====== Provided data ======

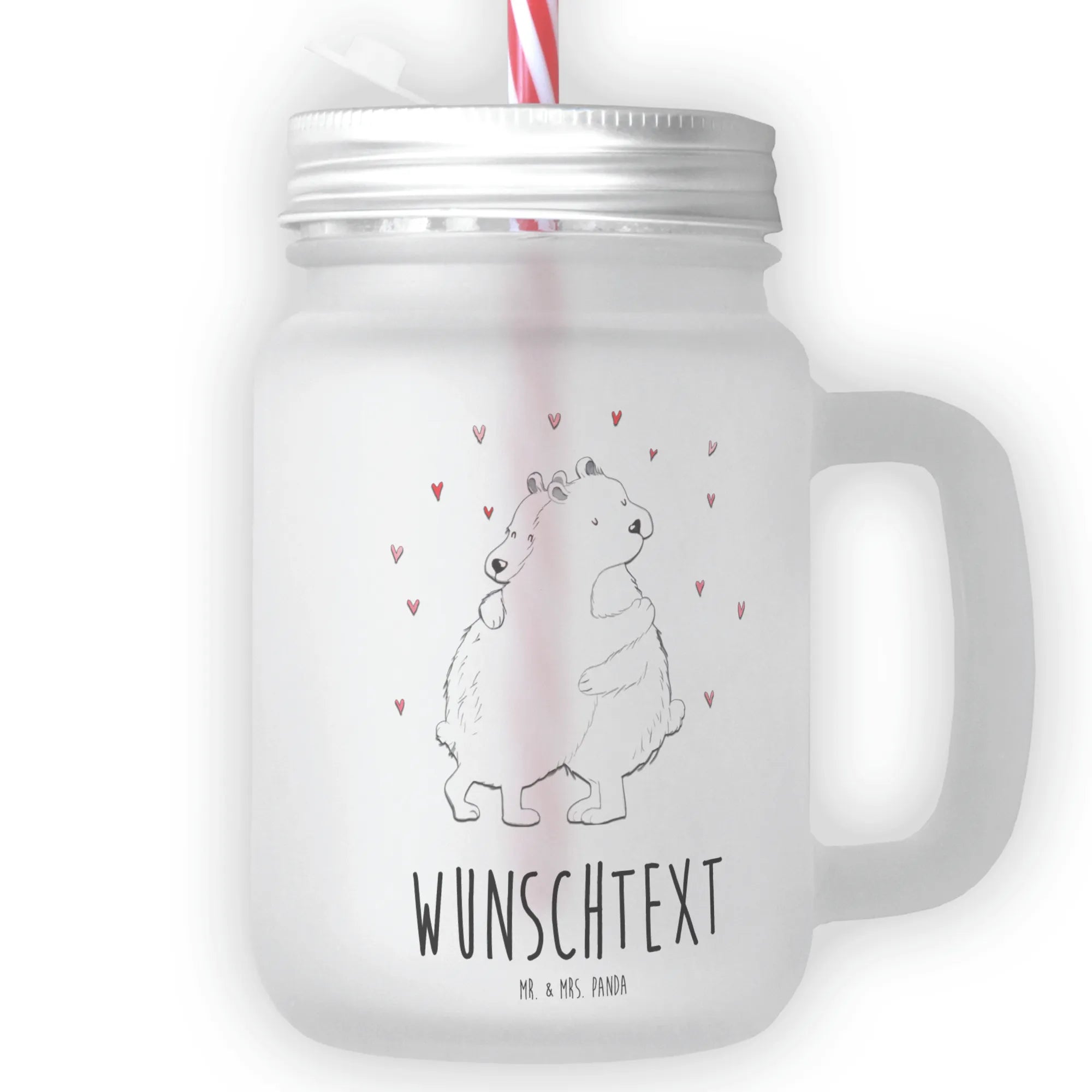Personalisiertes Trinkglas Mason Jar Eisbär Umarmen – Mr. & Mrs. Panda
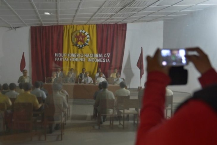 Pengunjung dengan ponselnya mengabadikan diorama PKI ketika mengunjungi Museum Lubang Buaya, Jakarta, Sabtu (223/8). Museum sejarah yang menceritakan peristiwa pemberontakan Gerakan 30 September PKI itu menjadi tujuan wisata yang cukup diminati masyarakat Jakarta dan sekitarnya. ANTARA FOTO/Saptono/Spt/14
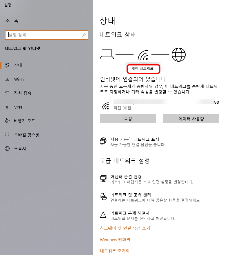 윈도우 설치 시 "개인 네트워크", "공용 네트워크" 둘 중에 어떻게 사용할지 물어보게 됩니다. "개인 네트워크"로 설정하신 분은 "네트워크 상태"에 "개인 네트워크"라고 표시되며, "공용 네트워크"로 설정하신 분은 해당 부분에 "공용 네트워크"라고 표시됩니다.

======

— Your assignment —
Print the listing verbatim; no pictures.

— Answer space —
Personalisiertes Trinkglas Mason Jar Eisbär Umarmen – Mr. & Mrs. Panda
 Pengunjung dengan ponselnya mengabadikan diorama PKI ketika mengunjungi Museum Lubang Buaya, Jakarta, Sabtu (223/8). Museum sejarah yang menceritakan peristiwa pemberontakan Gerakan 30 September PKI itu menjadi tujuan wisata yang cukup diminati masyarakat Jakarta dan sekitarnya. ANTARA FOTO/Saptono/Spt/14
 윈도우 설치 시 "개인 네트워크", "공용 네트워크" 둘 중에 어떻게 사용할지 물어보게 됩니다. "개인 네트워크"로 설정하신 분은 "네트워크 상태"에 "개인 네트워크"라고 표시되며, "공용 네트워크"로 설정하신 분은 해당 부분에 "공용 네트워크"라고 표시됩니다.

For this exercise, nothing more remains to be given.